Zamanında Karataş zengin yahudi ailelerin yaşadığı semtti. Sahil şeridindeki Mithatpaşa Caddesi ile Halil Rıfat Paşa Caddesi arasındaki yükseklik farkı 58 metreydi. İki yerleşim yeri arasındaki yaya ulaşımı, Müslüman nüfusun “Karataş Merdiveni”, Yahudilerin ise en üst bölümünde bulunan Devidas Ailesi’nin evi dolayısıyla “Devidasların Merdiveni” olarak adlandırılan 155 basamaklı sokak merdiveniyle sağlanıyordu.
Devidas Ailesi’nin reisi bir gün merdivenlerde düşüp ayağının kırılması üzerine, sahil kesiminde oturan ve Devidas Ailesi’nin yakın dostu olan Nesim Levi Bayraklıoğlu, iki yerleşim arasında yaya ulaşımını kolaylaştırmak üzere tarihi asansörü yaptırır.
Asansör giriş kapısının üzerinde hem İbranice hem de Fransızca “Asansör 1907 yılında Nissim Levy tarafından inşa ettirilmiştir’” yazılı kitabe bulunuyor. Taş yapı temeli üzerine tuğla örülü asansörün taş yapı bölümünün ardından balkona kadar iki kademede ufalarak devam eden tuğla döşemeleri, Marsilya’dan özel olarak getirilmiş.
Çift kabinli asansörün bir kabini buhar mekanizmalıyken diğeri elektrik enerjisi ile çalışıyordu.
Çift kabinli olarak inşa edilen ve soldaki mekanizması su buharı, sağdaki ise elektrik enerjisi ile çalışır olarak faaliyete giren asansörün Mithatpaşa Caddesi girişindeki holün solunda hidrolik kazan dairesi, Halil Rıfat Paşa Caddesi çıkışının solunda ise makine dairesi yer alıyor.
Asansörün varış noktasında, demir konsollar ile taşınan ahşap bir balkon bulunuyor, balkonun dökme demir korkulukları ise dönemin en güzel motif örnekleriyle süslü.
İki cadde arasındaki ulaşımı kolaylaştırmak amacıyla yaptırılan asansör, Türkiye’de bu amaçla yapılan tek, dünyadaki ise sayılı örnekler arasında yer alıyor.
1942 yılında Şerif Remzi Reyent’e satıldı ve geliri Karataş Musevi Hastanesi’ne bağışlandı. Reyent’in ölümü üzerine Tarihi Asansör yeğeni Ayla Ökmen’e kaldı. Asansör bu süreçte bir süre kapalı kaldı.
1983 yılında İzmir Belediyesi’ne bağışlanan Tarihi Asansör 1985 yılında restorasyondan geçirilerek her iki kabini de elektrikle çalışır halde düzenlendi.

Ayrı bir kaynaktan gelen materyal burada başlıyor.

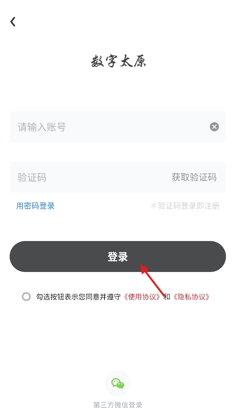 3、在登陆页面输入手机号,获取并填写验证码,确认信息无误后点击 “登录” 完成操作。

Kent ulaşımına 1992 yılına kadar hizmet veren asansör, 1992 yılına gelindiğinde İzmir Büyükşehir Belediyesi'nce gerçekleştirilen ikinci restorasyon sonrası kent turizmine kazandırıldı.
Asansör, Mithatpaşa Caddesi girişinde yer alan dünyaca ünlü İzmirli şarkıcı Dario Moreno’nun eviyle de ayrı bir cazibeye sahip. Ünlü şarkıcının 1940′lı yıllarda 4 kardeşi ve annesiyle yaşadığı evin bulunduğu sokağa İzmir Büyükşehir Belediyesi’nin 1992 yılında aldığı kararla “Dario Moreno Sokağı” adı verildi ve Moreno’nun evi müze olarak düzenlendi.

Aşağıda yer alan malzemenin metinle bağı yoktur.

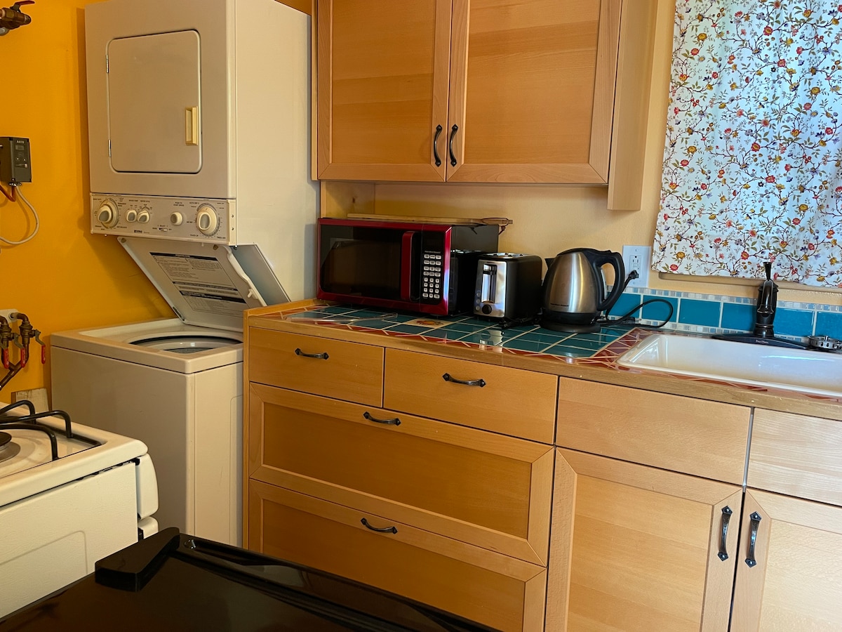 Our Little Cabin is a bright comfortable space with a 1/2 bath, including a sink and toilet. You will have access to a private full bath with roomy shower and laundry facilities accessible through our garage any time. There is a small refrigerator and microwave as well as Keurig coffee. There is a large window facing the garden with a view of the water through the trees. Longpoint Beach at the opening to Penn Cove is a 10 minute walk through our quiet neighborhood.

İzmir’in 106 yıldır ayakta duran en önemli yapılarından biri olan asansör, iki semt arasında ulaşımı kolaylaştırmanın yanı sıra eşsiz manzaraya sahip restoran, kafe ve bar olarak kent turizmine hizmet ediyor.
Bu tarihi mirası bize bırakan Nesim Levi Bayrakoğlu'na ve bugüne kadar gözü gibi bakan İzmir Belediye'sine teşekkür ederiz.